[INSTRUCTIONS FOR THE TASK] Make an exact copy of all the entries, with the pictures left out.

[SUPPLIED RECORDS]
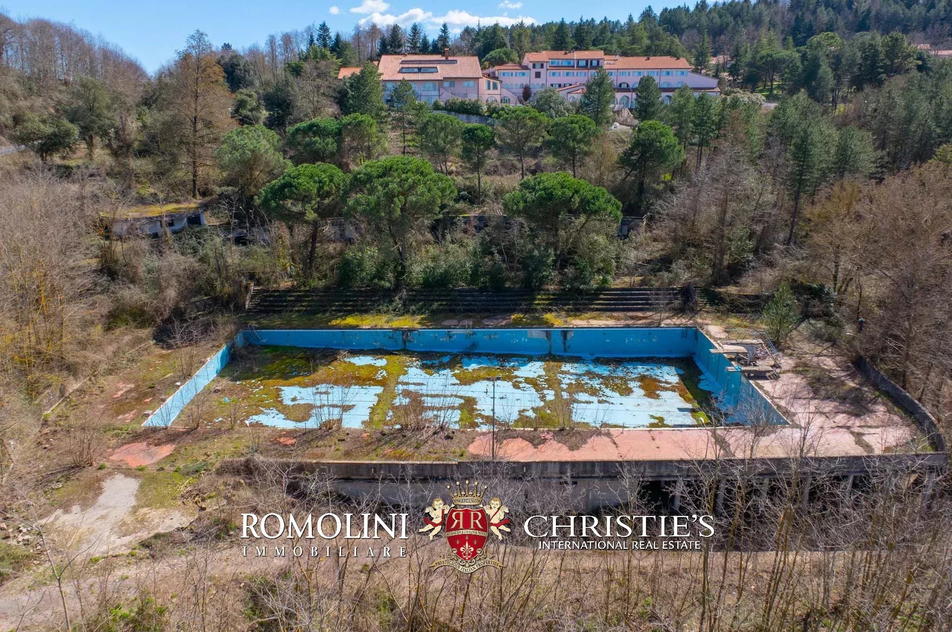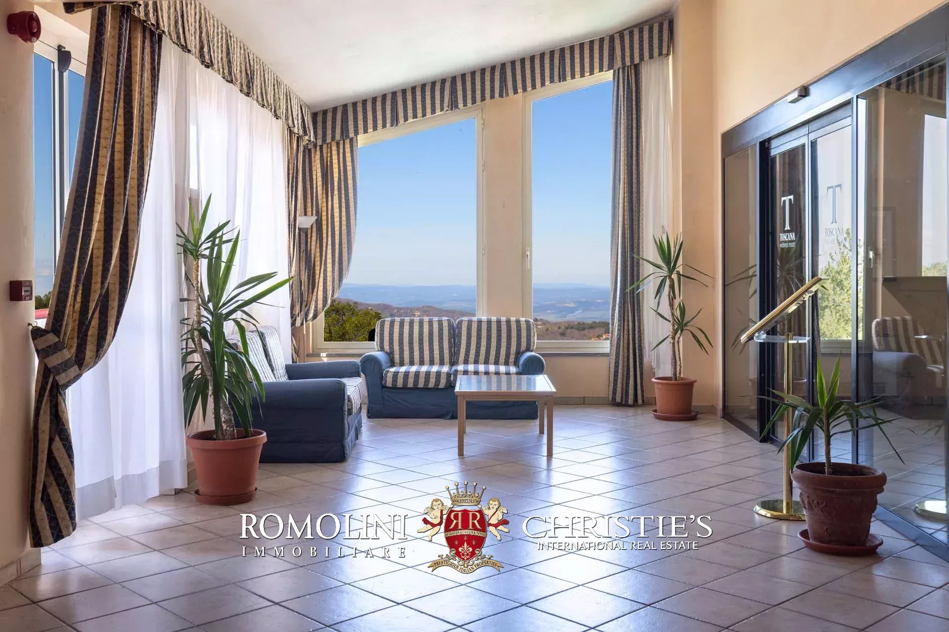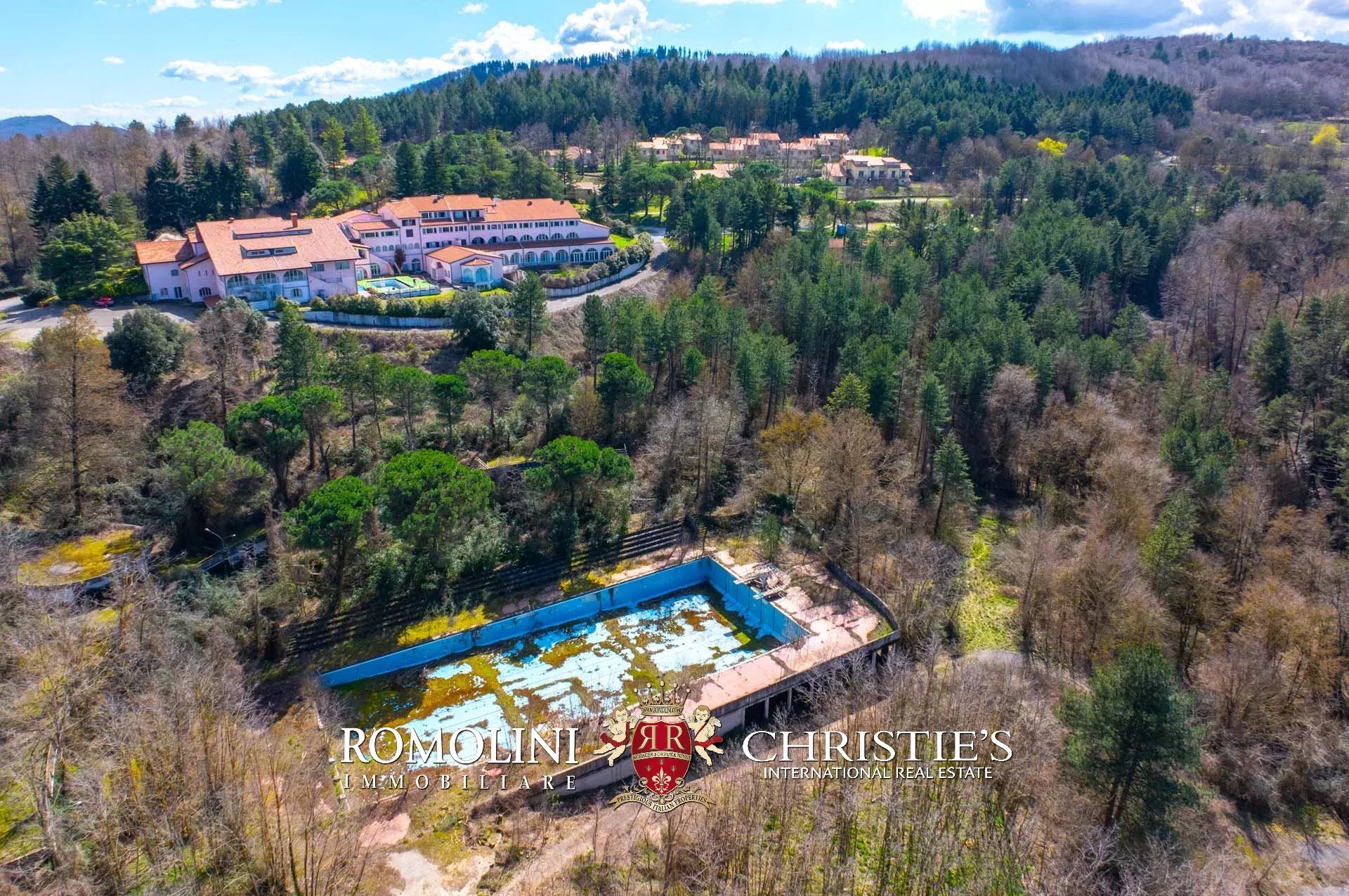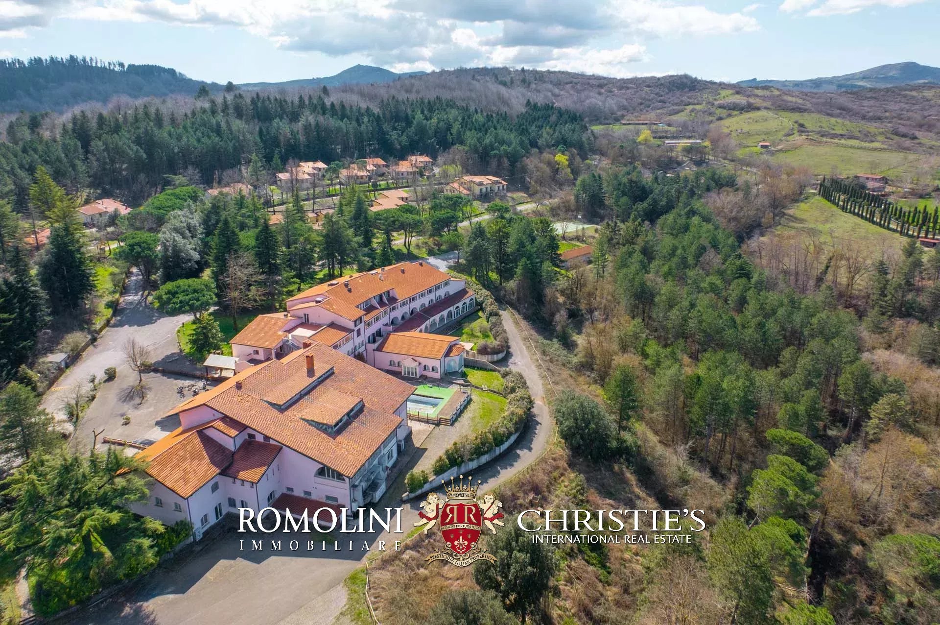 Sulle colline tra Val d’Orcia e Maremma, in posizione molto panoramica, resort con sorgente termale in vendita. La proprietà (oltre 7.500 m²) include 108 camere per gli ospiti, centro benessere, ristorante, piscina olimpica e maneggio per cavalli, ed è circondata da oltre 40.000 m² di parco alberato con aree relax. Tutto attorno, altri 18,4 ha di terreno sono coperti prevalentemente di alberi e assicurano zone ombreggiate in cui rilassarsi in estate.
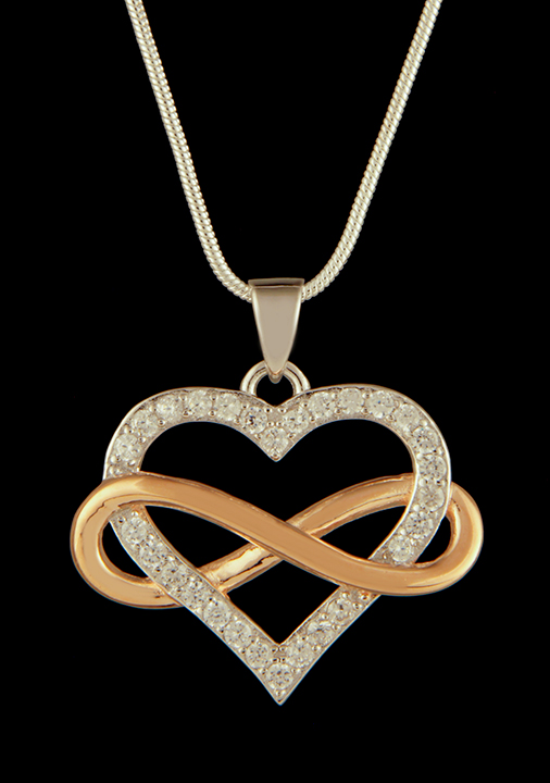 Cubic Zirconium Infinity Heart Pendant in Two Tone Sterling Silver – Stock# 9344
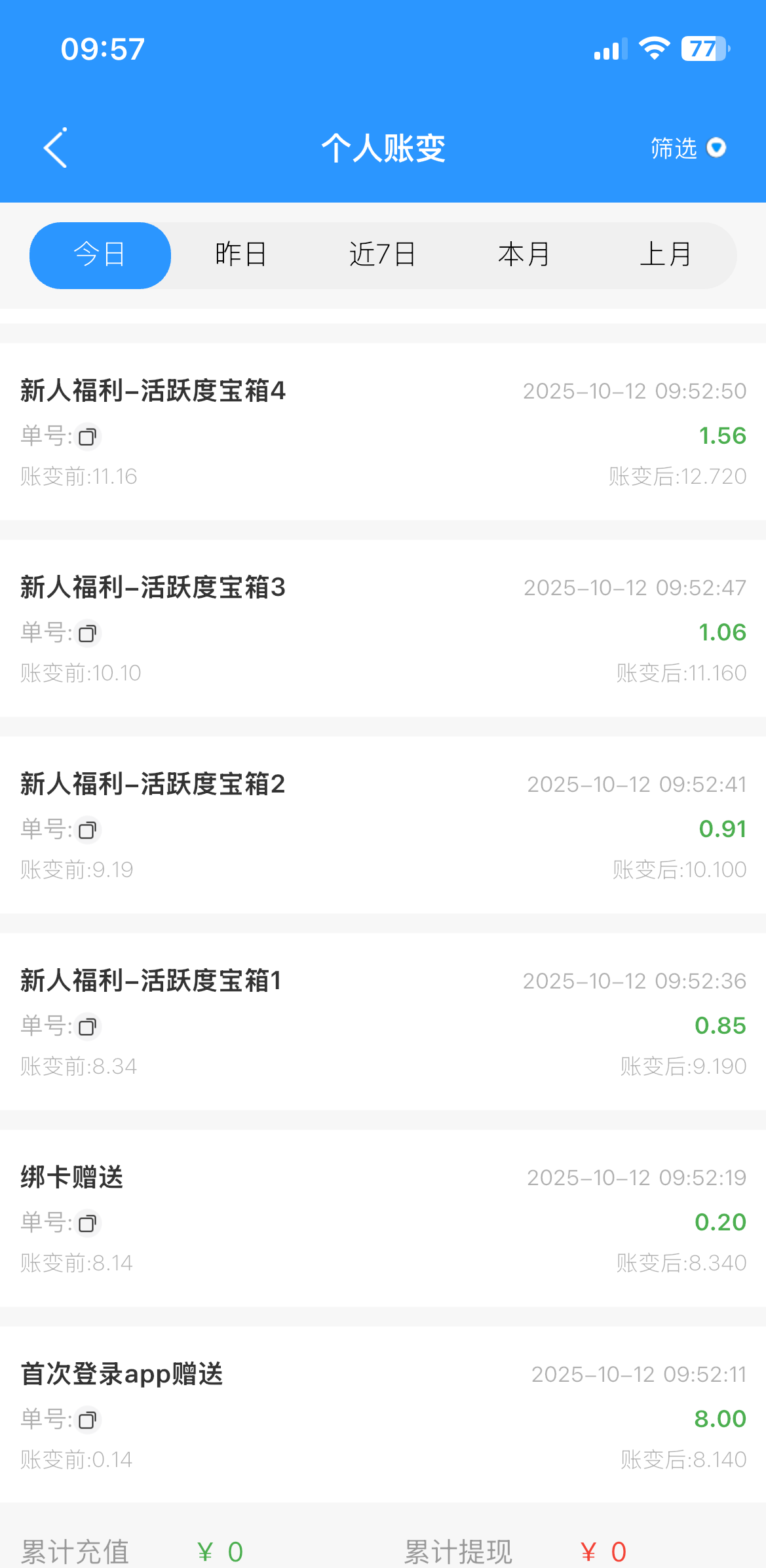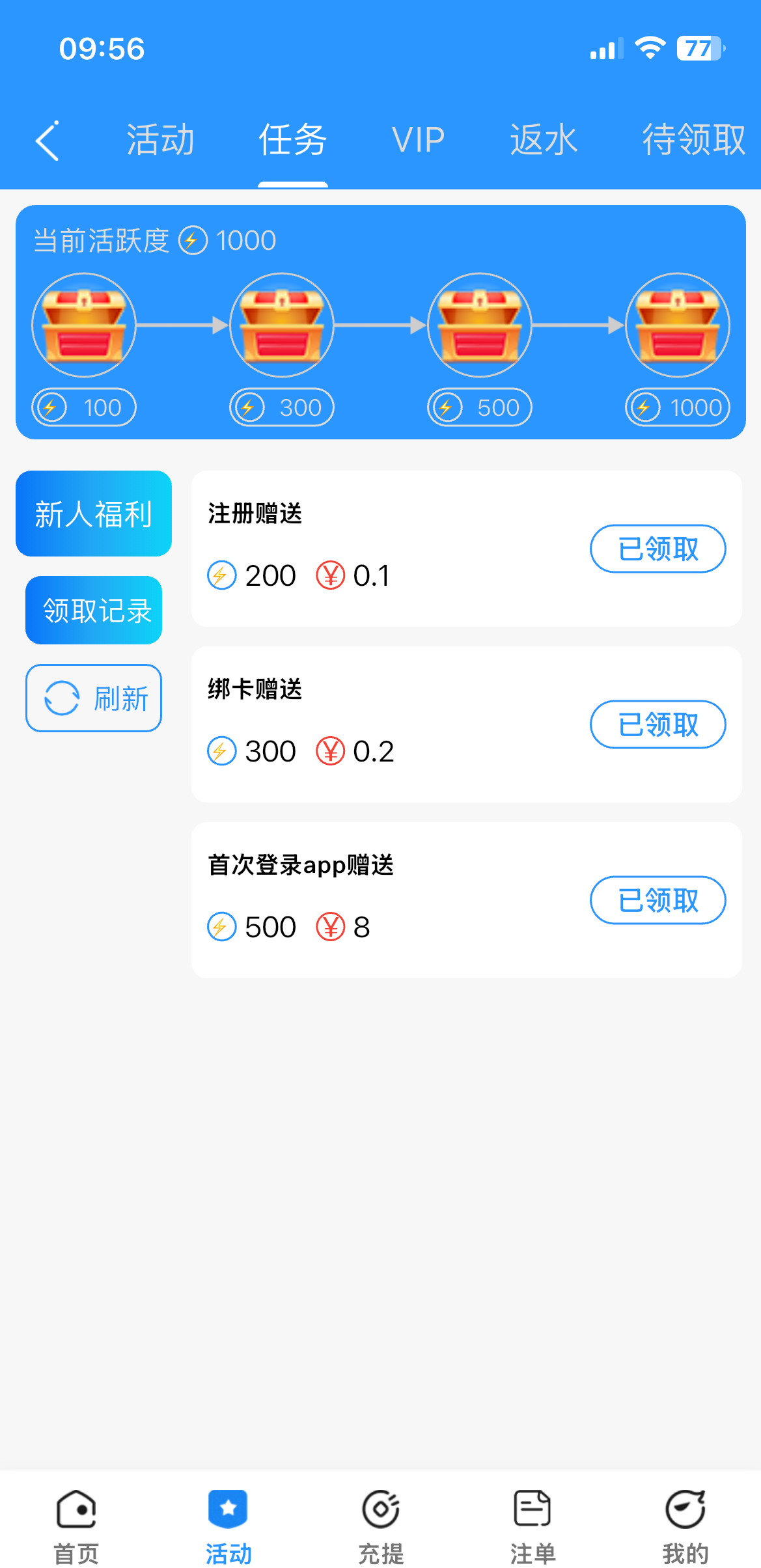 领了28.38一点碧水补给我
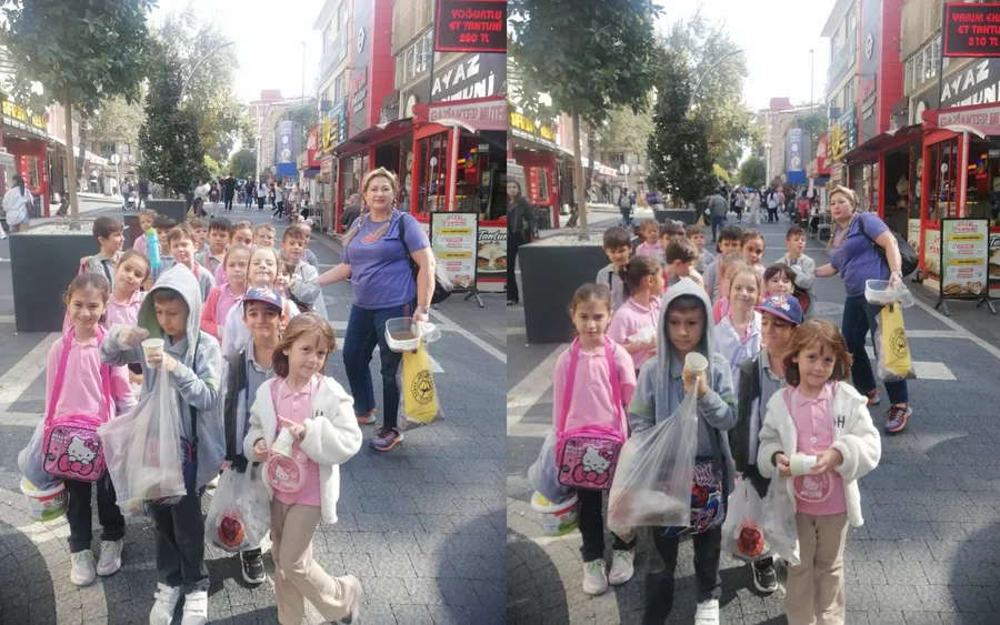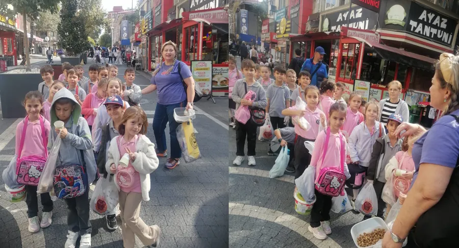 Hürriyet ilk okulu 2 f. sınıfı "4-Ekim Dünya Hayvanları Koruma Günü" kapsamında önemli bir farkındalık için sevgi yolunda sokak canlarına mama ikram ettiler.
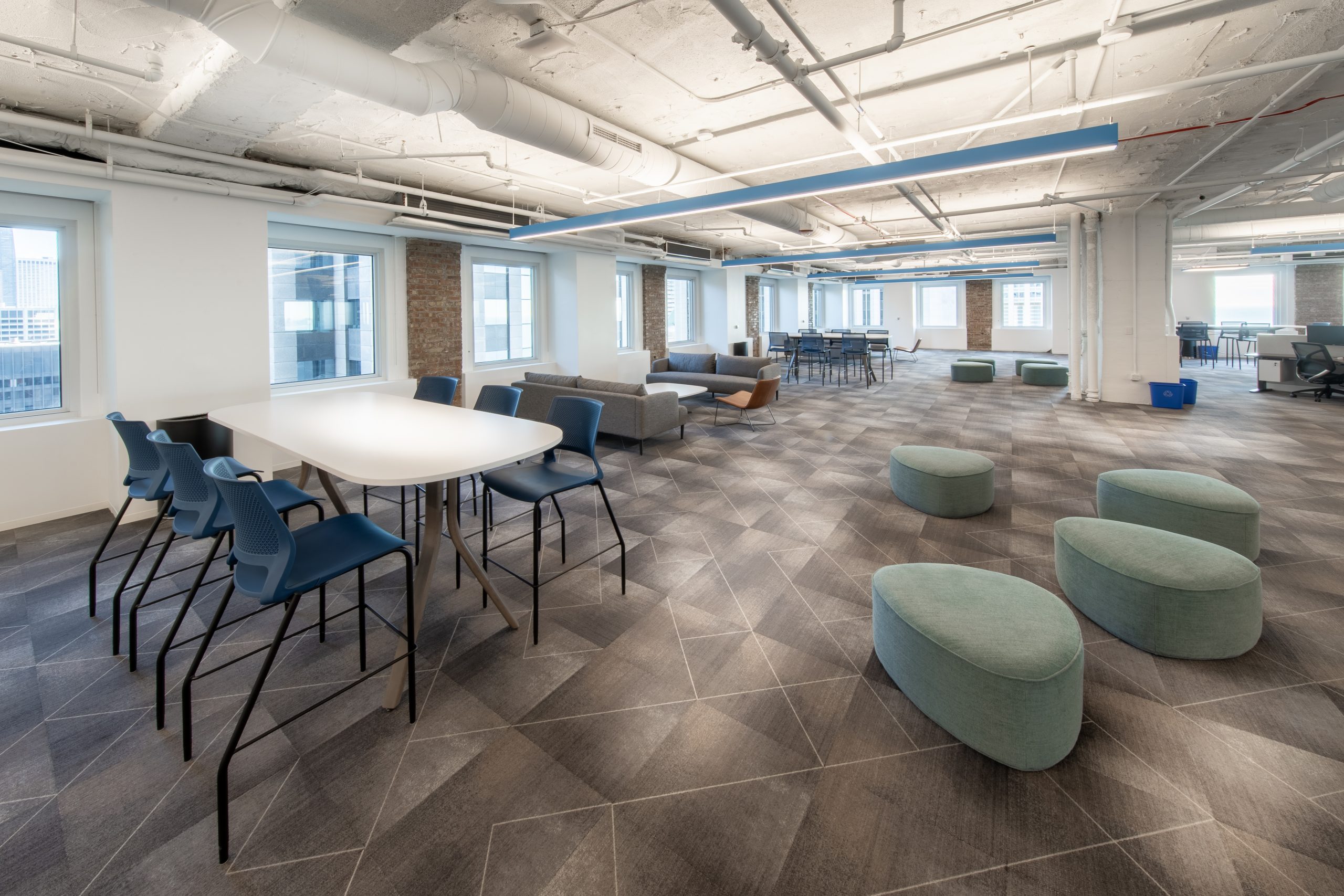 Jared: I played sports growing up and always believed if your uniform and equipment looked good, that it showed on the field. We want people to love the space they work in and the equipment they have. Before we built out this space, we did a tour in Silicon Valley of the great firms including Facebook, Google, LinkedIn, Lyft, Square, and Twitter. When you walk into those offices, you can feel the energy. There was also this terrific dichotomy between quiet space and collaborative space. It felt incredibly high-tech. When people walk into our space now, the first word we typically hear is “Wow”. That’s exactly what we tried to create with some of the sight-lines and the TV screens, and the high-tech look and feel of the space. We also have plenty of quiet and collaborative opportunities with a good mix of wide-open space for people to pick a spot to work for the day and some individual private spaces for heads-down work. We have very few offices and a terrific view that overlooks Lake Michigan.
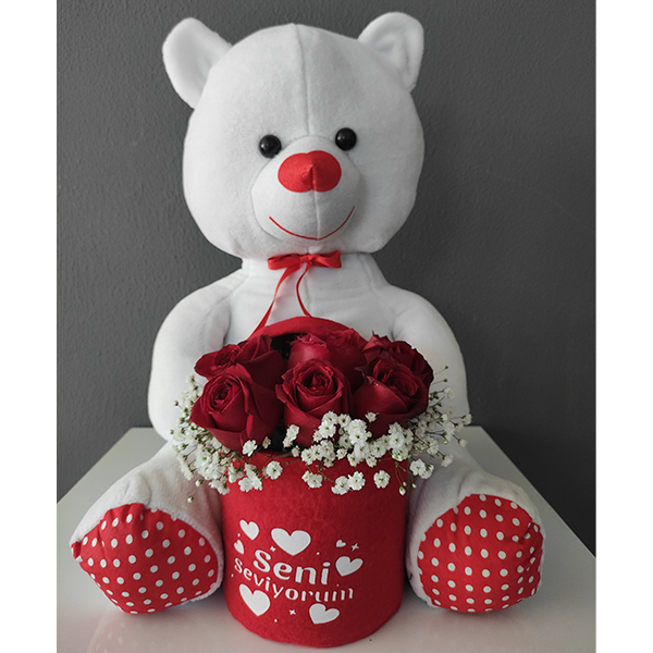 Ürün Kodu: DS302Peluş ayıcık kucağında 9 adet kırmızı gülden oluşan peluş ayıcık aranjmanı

[RESULT]
 Sulle colline tra Val d’Orcia e Maremma, in posizione molto panoramica, resort con sorgente termale in vendita. La proprietà (oltre 7.500 m²) include 108 camere per gli ospiti, centro benessere, ristorante, piscina olimpica e maneggio per cavalli, ed è circondata da oltre 40.000 m² di parco alberato con aree relax. Tutto attorno, altri 18,4 ha di terreno sono coperti prevalentemente di alberi e assicurano zone ombreggiate in cui rilassarsi in estate.
 Cubic Zirconium Infinity Heart Pendant in Two Tone Sterling Silver – Stock# 9344
 领了28.38一点碧水补给我
 Hürriyet ilk okulu 2 f. sınıfı "4-Ekim Dünya Hayvanları Koruma Günü" kapsamında önemli bir farkındalık için sevgi yolunda sokak canlarına mama ikram ettiler.
 Jared: I played sports growing up and always believed if your uniform and equipment looked good, that it showed on the field. We want people to love the space they work in and the equipment they have. Before we built out this space, we did a tour in Silicon Valley of the great firms including Facebook, Google, LinkedIn, Lyft, Square, and Twitter. When you walk into those offices, you can feel the energy. There was also this terrific dichotomy between quiet space and collaborative space. It felt incredibly high-tech. When people walk into our space now, the first word we typically hear is “Wow”. That’s exactly what we tried to create with some of the sight-lines and the TV screens, and the high-tech look and feel of the space. We also have plenty of quiet and collaborative opportunities with a good mix of wide-open space for people to pick a spot to work for the day and some individual private spaces for heads-down work. We have very few offices and a terrific view that overlooks Lake Michigan.
 Ürün Kodu: DS302Peluş ayıcık kucağında 9 adet kırmızı gülden oluşan peluş ayıcık aranjmanı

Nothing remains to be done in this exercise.